Rechtsprechung / BPatG / 2008
BPatG Beschluss vom 29.07.2008 – 25 W (pat) 17/06
25. Senat
Zitiert von 1 Entscheidungen Zitiert 3 Entscheidungen 2 zitierte Normen
BUNDESPATENTGERICHT
25 W (pat) 17/06
_______________
(Aktenzeichen)
An Verkündungs Statt
zugestellt am
29. Juli 2008
…
B E S C H L U S S
In der Beschwerdesache
… 08.05
…
betreffend die Marke 300 81 683
hat der 25. Senat (Marken-Beschwerdesenat) des Bundespatentgerichts auf die
mündliche Verhandlung vom 5. Juni 2008 unter Mitwirkung des Vorsitzenden
Richters Kliems sowie der Richterin Bayer und des Richters Merzbach
beschlossen:
Die Beschwerde wird zurückgewiesen.
G r ü n d e
I.
Die Marke
SmileCompany
ist am 10. Juli 2001 für die Dienstleistungen
„Werbung, Geschäftsführung, Unternehmungsverwaltung, Erstellen von Programmen für die Datenverarbeitung, auch für die Vermarktung von Produkten und Technologie im Internet, Finanzwesen, Geldgeschäfte, Immobilienwesen“
in das Markenregister unter der Nummer 300 81 683 eingetragen worden.
Widerspruch erhoben hat die Inhaberin der älteren, für die Waren und Dienstleistungen
„Elektrische und elektronische Ausrüstungen zur Verwendung für
Bankgeschäfte; computergestützte Geräte für Banktransaktionen;
Geldautomaten; kodierte Karten, Bankkarten, Kreditkarten, Debitkarten, Abbuchungskarten, alle mit elektronisch oder magnetisch
kodierten oder anderen gespeicherten Daten; Druckereierzeugnisse; gedruckte Veröffentlichungen; Schreibwaren; Magazine;
Bücher;
Informationsblätter;
Broschüren;
Druckschriften;
Prospekte; Preislisten; Lehr- und Unterrichtsmaterial; Terminkalender und Tagebücher; Kalender; Werbe- und Ausstellungsmaterial; Büroartikel; Schecks, Reiseschecks, Überweisungsformulare
und andere Papierwaren und Dokumente zur Verwendung für
Bankgeschäfte und Bankdienstleistungen; Finanzwesen, Bankgeschäfte und Versicherungswesen; Beratung in Bezug auf Finanzwesen, Bankgeschäfte und Versicherungswesen; Anlage-, Kredit-,
Spar- und Darlehensdienstleistungen sowie Aufbewahrung von
Wertpapieren oder Wertsachen im Tresor; Finanzmanagement
und Unterstützung in Finanzangelegenheiten; Kredit- und Finanzdienstleistungen; Anlagenfinanzierung; Kapitalanlagedienste;
Steuerberatung; online oder über das Internet bereitgestellte Finanz-, Bank- und Versicherungsdienstleistungen“
eingetragenen Gemeinschaftsmarke EU 1 676 253
SMILE
Die Markenstelle für Klasse 42 des Deutschen Patent- und Markenamts hat mit
zwei Beschlüssen vom 25. April 2005 und 21. Dezember 2005, von denen einer
im Erinnerungsverfahren ergangen ist, eine Verwechslungsgefahr zwischen beiden Marken bejaht und die Löschung der angegriffenen Marke angeordnet.
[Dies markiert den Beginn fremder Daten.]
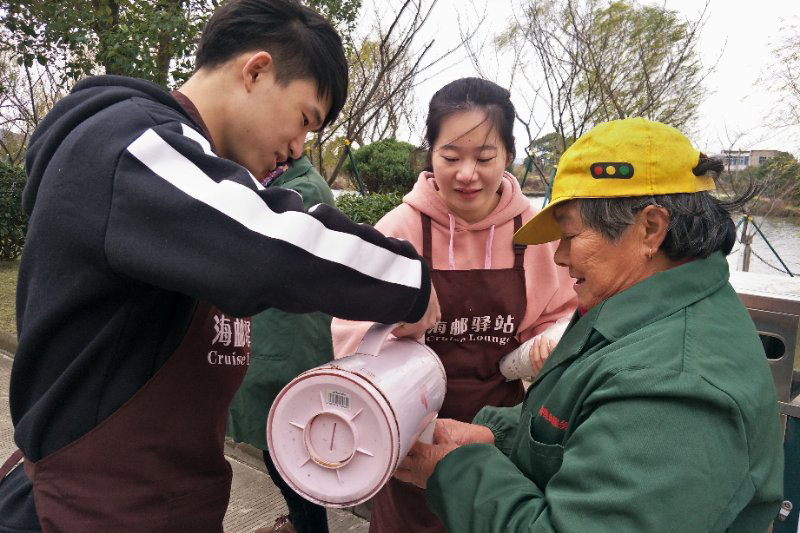 一大早,海洋旅游学院的师生们就忙碌起来,采购红糖、生姜、红枣,在海邮驿站煮姜茶。上午10时左右,攒足了一定数量后,海邮驿站的实习生同学便分头到校园,给校园内的师生志愿者送温暖。
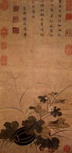 秋瓜图 纸本、设色,纵63.1厘米,横30厘米,是钱选花卉蔬果中的代表作品。此图精致典雅,与宋代小品画一脉相承,然而又透出一股书卷气,即所谓精工之极富有士气,精致而不艳丽,细腻而不纤巧,作者在追求一种清润淡雅的画格。画家在图中题诗一首:“金流石烁汗如雨,削入冰盘气似秋。写向小窗醒醉目,东陵闲说故秦侯。”表达了一个不肯屈节仕元的汉族士大夫的志节和操守。钱选的作品中,大多有自己的题诗和跋语,他运用笔墨表达自己的主观情绪,又结合诗意来充实画意,黄公望说“知其诗者乃知其画”。这种诗、书、画三者结合的形式,被后来的文人画家广泛使用,形成中国绘画的传统特色。从这个意义上说,钱选在开创有元一代的画风上,是起了先驱作用的。在技法上,其折枝瓜果画法在写生基础上更经过了艺术提炼,删繁就简,突出了画面的意境情趣。这个转变,除与钱选本人“天机”有关,也与元初花鸟画渐变简逸的时代风尚密不可分。
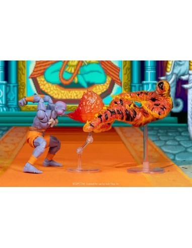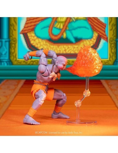 Desde las tierras místicas de la India llega la Figura Dhalsim Deluxe Street Fighter II The Final Challengers Articulada de 16,5 cm, una representación perfecta del maestro del yoga y sus legendarios poderes de fuego. Esta figura captura la serenidad y el poder de uno de los luchadores más singulares del universo Street Fighter, conocido por su dominio del Yoga Flame y su habilidad para estirar el cuerpo más allá de los límites humanos. La edición Deluxe incluye una figura de un enemigo envuelto en un ataque de Dhalsim, recreando sus devastadores movimientos con fuego espiritual. Además, cuenta con cabezas intercambiables que permiten mostrar distintas expresiones de concentración o combate, dos espectaculares efectos de fuego translúcido que evocan sus ataques más icónicos, y un conjunto de manos y brazos intercambiables para personalizar sus poses. Para completar la presentación, se incluyen peanas transparentes de exposición que permiten exhibir las figuras en posiciones dinámicas, simulando los ataques aéreos y las posturas flotantes de este guerrero místico. Con un nivel de detalle excepcional y múltiples puntos de articulación, esta figura de Dhalsim es una pieza esencial para cualquier coleccionista de Street Fighter y un tributo al equilibrio entre poder, espiritualidad y combate que define al personaje desde sus primeras apariciones en el clásico arcade.
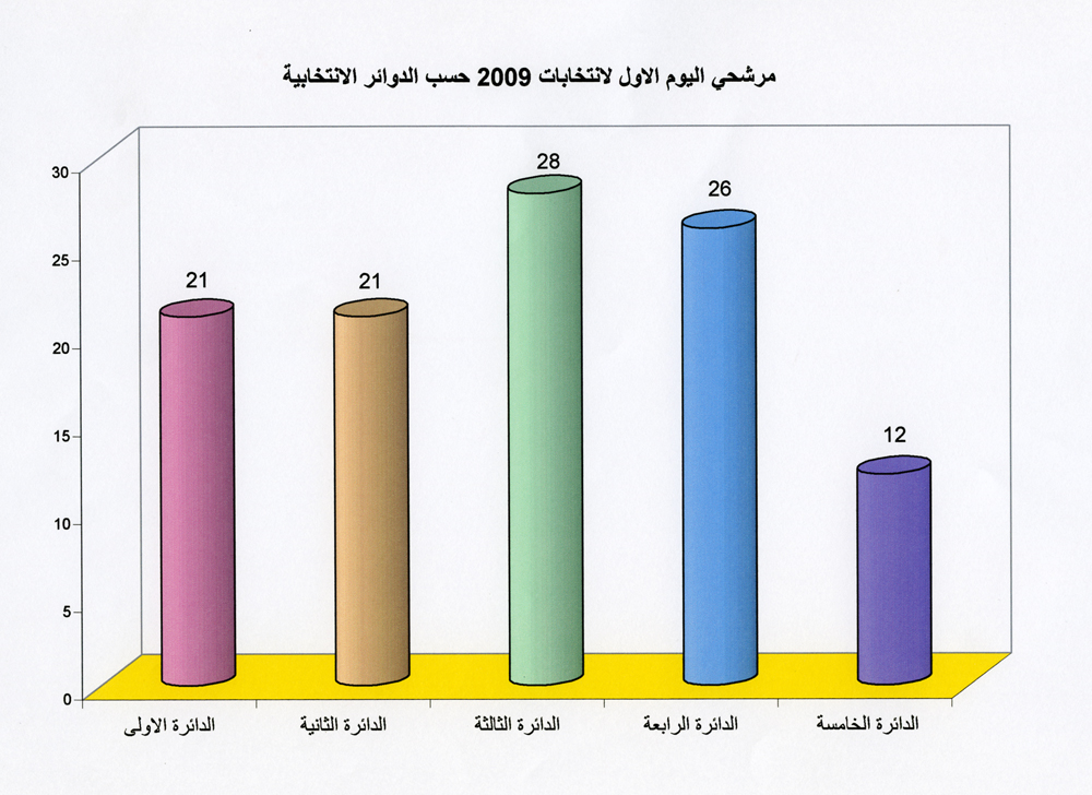 رسم بياني يوضح مرشحي ومرشحات اليوم الأول لانتخابات 2006 - 2008 - 2009
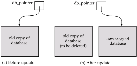 In case transaction fails, old consistent copy pointed to by db_pointer can be used, and the shadow copy can be deleted.
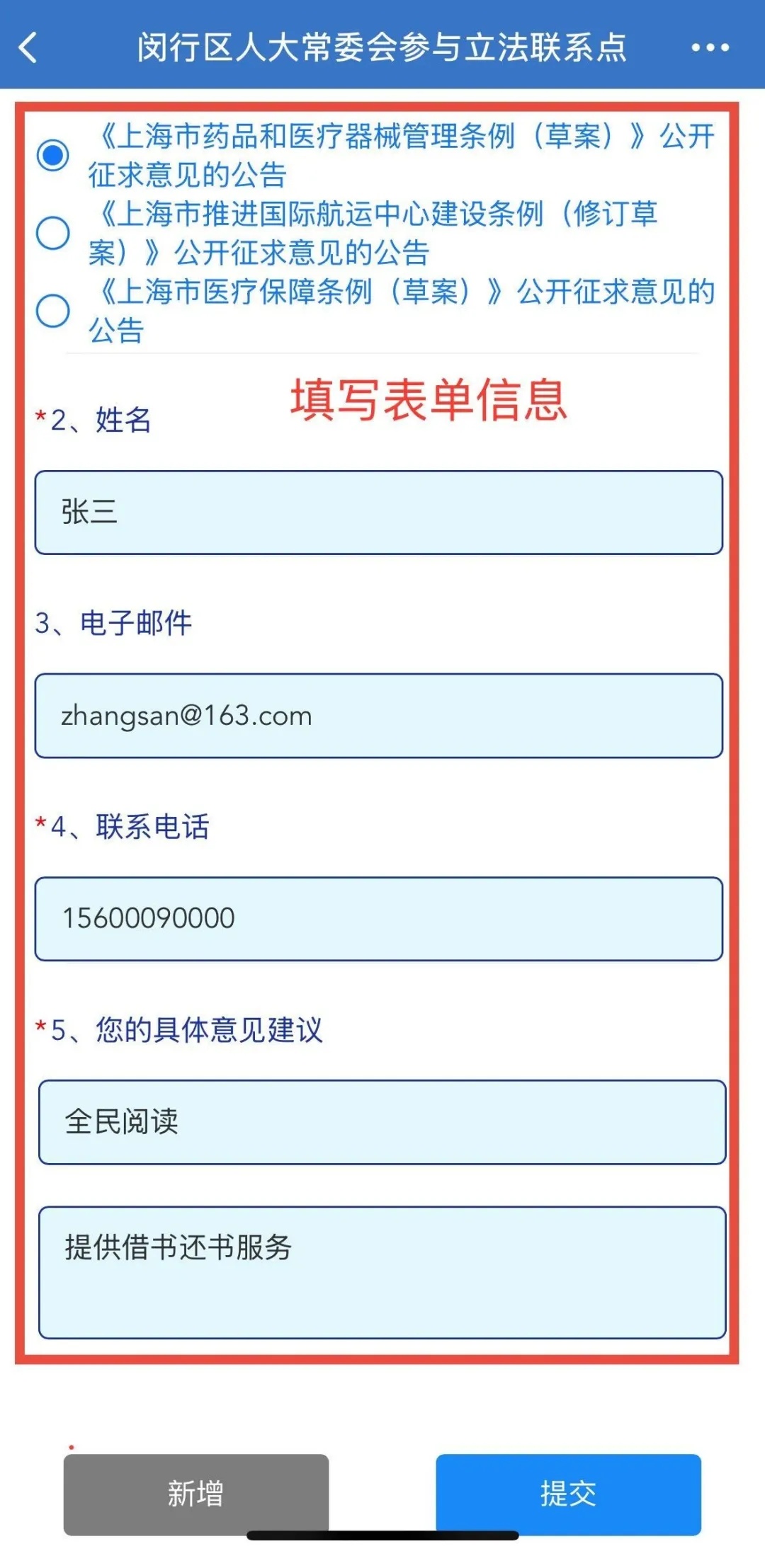 4.选择想要提意见和建议的条例(草案),填写相关内容(具体意见建议一栏注明第X条或者其他建议);

Ausgehend von einer durchschnittlichen Kennzeichnungskraft der Widerspruchsmarke könnten sich beide Marken auf teilweise identischen und ansonsten zumindest durchschnittlich ähnlichen Waren und Dienstleistungen begegnen.
Identität bzw. hochgradige Ähnlichkeit bestehe zwischen den Dienstleistungen
„Finanzwesen, Immobilienwesen, Geldgeschäfte" der angegriffenen Marke und
der Dienstleistung „Finanzwesen" der Widerspruchsmarke. Die Finanzdienstleistungen der Klasse 36 der Widerspruchsmarke seien durchschnittlich ähnlich zu
den Dienstleistungen „Werbung, Geschäftsführung, Unternehmensverwaltung" der
angegriffenen Marke, da sie aus Sicht des Verkehrs aus eng miteinander verzahnten Bereichen stammten. Durchschnittliche Ähnlichkeit bestehe ferner zwischen den „computergestützten Geräten für Banktransaktionen" der Widerspruchsmarke und der Dienstleistung „Erstellen von Programmen für die Datenverarbeitung" der angegriffenen Marke, da die Hersteller derartiger Geräte in der
Regel auch die Software erstellten.
Insgesamt seien daher zumindest durchschnittliche Anforderungen an den Markenabstand zu stellen, denen die angegriffene Marke jedoch nicht genüge. Es bestehe die Gefahr, dass die sich gegenüberstehenden Kennzeichnungen wegen
des im angegriffenen Zeichen identisch enthaltenen Begriffs „Smile" gedanklich
miteinander in Verbindung gebracht würden.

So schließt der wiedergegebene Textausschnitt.